DATA FOR THIS TASK START

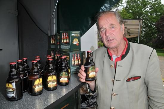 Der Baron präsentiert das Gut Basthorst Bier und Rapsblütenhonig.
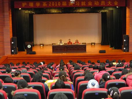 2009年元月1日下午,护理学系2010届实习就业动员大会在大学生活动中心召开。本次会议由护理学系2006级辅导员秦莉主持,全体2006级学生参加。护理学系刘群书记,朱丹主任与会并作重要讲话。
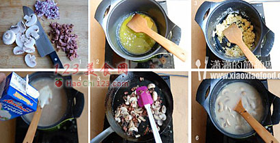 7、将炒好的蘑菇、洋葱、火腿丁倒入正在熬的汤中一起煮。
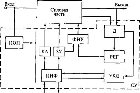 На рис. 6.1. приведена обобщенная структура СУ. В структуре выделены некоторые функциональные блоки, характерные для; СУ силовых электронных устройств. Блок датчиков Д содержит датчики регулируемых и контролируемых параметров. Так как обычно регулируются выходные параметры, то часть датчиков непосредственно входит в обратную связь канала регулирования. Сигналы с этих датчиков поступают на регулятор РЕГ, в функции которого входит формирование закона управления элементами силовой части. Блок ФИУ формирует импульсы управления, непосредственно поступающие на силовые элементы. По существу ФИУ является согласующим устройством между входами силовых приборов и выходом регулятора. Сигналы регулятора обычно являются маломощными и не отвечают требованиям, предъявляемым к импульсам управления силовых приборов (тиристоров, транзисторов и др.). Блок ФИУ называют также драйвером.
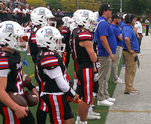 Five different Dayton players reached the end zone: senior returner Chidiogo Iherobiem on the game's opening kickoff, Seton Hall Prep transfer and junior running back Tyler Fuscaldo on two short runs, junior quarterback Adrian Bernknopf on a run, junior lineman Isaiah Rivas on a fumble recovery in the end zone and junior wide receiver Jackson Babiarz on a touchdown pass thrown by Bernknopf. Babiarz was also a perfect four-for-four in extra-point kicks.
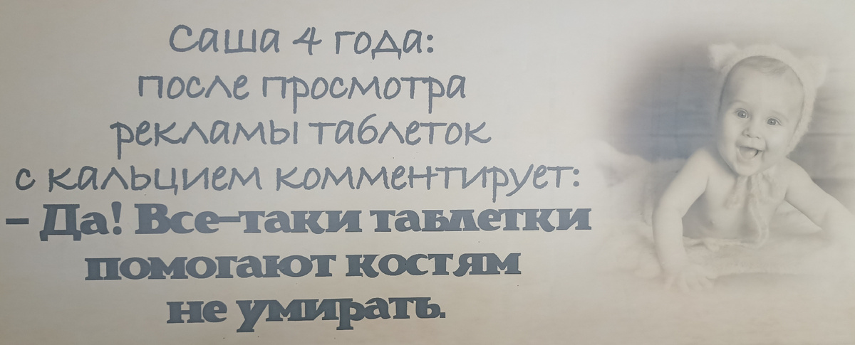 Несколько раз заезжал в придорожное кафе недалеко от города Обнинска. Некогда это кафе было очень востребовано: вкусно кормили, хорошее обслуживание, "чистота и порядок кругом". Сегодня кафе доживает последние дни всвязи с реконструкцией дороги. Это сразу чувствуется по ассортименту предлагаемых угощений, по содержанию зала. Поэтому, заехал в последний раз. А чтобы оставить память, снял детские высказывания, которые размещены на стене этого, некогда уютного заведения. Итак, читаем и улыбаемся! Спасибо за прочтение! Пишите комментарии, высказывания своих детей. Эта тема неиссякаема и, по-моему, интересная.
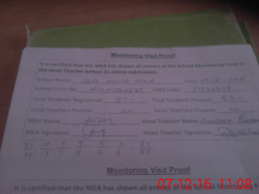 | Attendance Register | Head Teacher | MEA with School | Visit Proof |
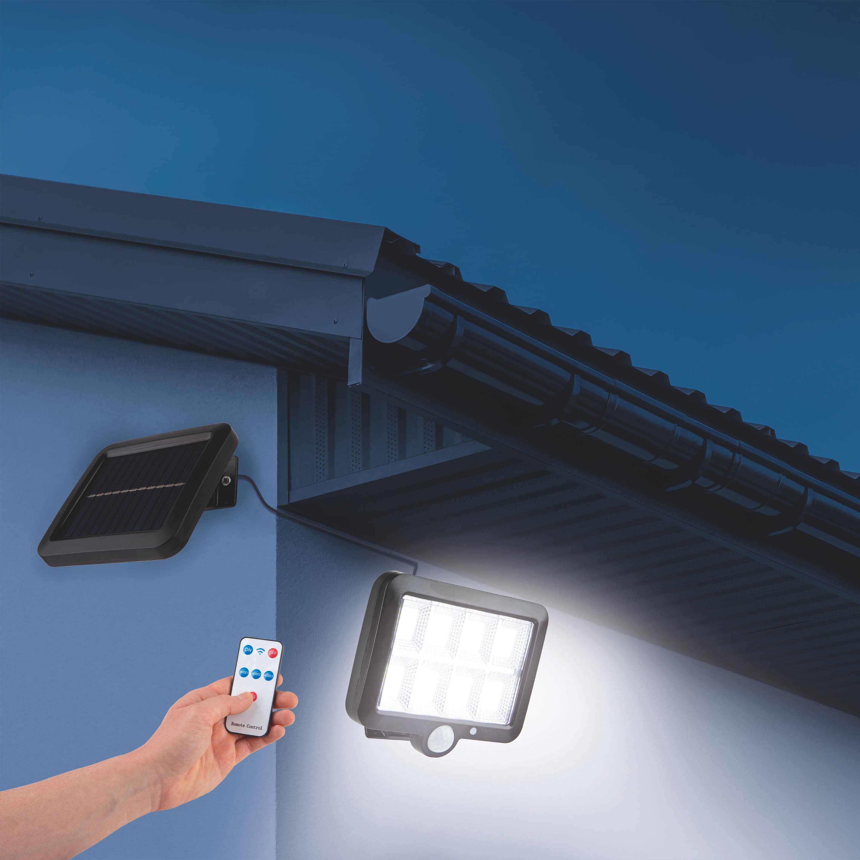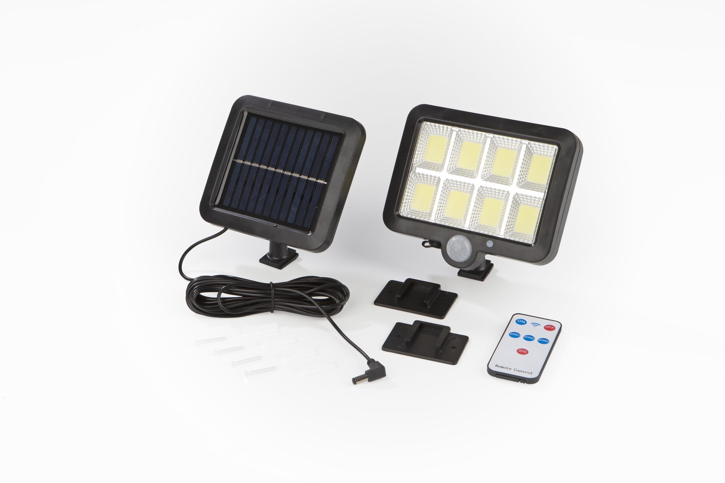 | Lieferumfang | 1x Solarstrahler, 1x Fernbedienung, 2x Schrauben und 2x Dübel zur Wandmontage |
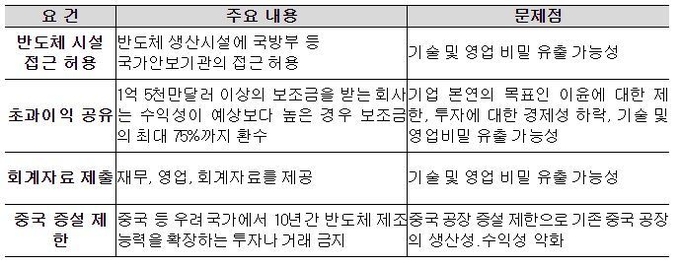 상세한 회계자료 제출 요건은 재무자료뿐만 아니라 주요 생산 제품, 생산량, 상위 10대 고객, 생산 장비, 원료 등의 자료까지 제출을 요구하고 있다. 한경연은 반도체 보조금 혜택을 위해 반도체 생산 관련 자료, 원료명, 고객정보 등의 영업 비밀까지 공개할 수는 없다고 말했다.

DATA FOR THIS TASK END

▶ **WORK REQUEST**:
The reply should hold every record, unchanged, and no pictures.

▶ **EXERCISE RESULT**:
 Der Baron präsentiert das Gut Basthorst Bier und Rapsblütenhonig.
 2009年元月1日下午,护理学系2010届实习就业动员大会在大学生活动中心召开。本次会议由护理学系2006级辅导员秦莉主持,全体2006级学生参加。护理学系刘群书记,朱丹主任与会并作重要讲话。
 7、将炒好的蘑菇、洋葱、火腿丁倒入正在熬的汤中一起煮。
 На рис. 6.1. приведена обобщенная структура СУ. В структуре выделены некоторые функциональные блоки, характерные для; СУ силовых электронных устройств. Блок датчиков Д содержит датчики регулируемых и контролируемых параметров. Так как обычно регулируются выходные параметры, то часть датчиков непосредственно входит в обратную связь канала регулирования. Сигналы с этих датчиков поступают на регулятор РЕГ, в функции которого входит формирование закона управления элементами силовой части. Блок ФИУ формирует импульсы управления, непосредственно поступающие на силовые элементы. По существу ФИУ является согласующим устройством между входами силовых приборов и выходом регулятора. Сигналы регулятора обычно являются маломощными и не отвечают требованиям, предъявляемым к импульсам управления силовых приборов (тиристоров, транзисторов и др.). Блок ФИУ называют также драйвером.
 Five different Dayton players reached the end zone: senior returner Chidiogo Iherobiem on the game's opening kickoff, Seton Hall Prep transfer and junior running back Tyler Fuscaldo on two short runs, junior quarterback Adrian Bernknopf on a run, junior lineman Isaiah Rivas on a fumble recovery in the end zone and junior wide receiver Jackson Babiarz on a touchdown pass thrown by Bernknopf. Babiarz was also a perfect four-for-four in extra-point kicks.
 Несколько раз заезжал в придорожное кафе недалеко от города Обнинска. Некогда это кафе было очень востребовано: вкусно кормили, хорошее обслуживание, "чистота и порядок кругом". Сегодня кафе доживает последние дни всвязи с реконструкцией дороги. Это сразу чувствуется по ассортименту предлагаемых угощений, по содержанию зала. Поэтому, заехал в последний раз. А чтобы оставить память, снял детские высказывания, которые размещены на стене этого, некогда уютного заведения. Итак, читаем и улыбаемся! Спасибо за прочтение! Пишите комментарии, высказывания своих детей. Эта тема неиссякаема и, по-моему, интересная.
 | Attendance Register | Head Teacher | MEA with School | Visit Proof |
 | Lieferumfang | 1x Solarstrahler, 1x Fernbedienung, 2x Schrauben und 2x Dübel zur Wandmontage |
 상세한 회계자료 제출 요건은 재무자료뿐만 아니라 주요 생산 제품, 생산량, 상위 10대 고객, 생산 장비, 원료 등의 자료까지 제출을 요구하고 있다. 한경연은 반도체 보조금 혜택을 위해 반도체 생산 관련 자료, 원료명, 고객정보 등의 영업 비밀까지 공개할 수는 없다고 말했다.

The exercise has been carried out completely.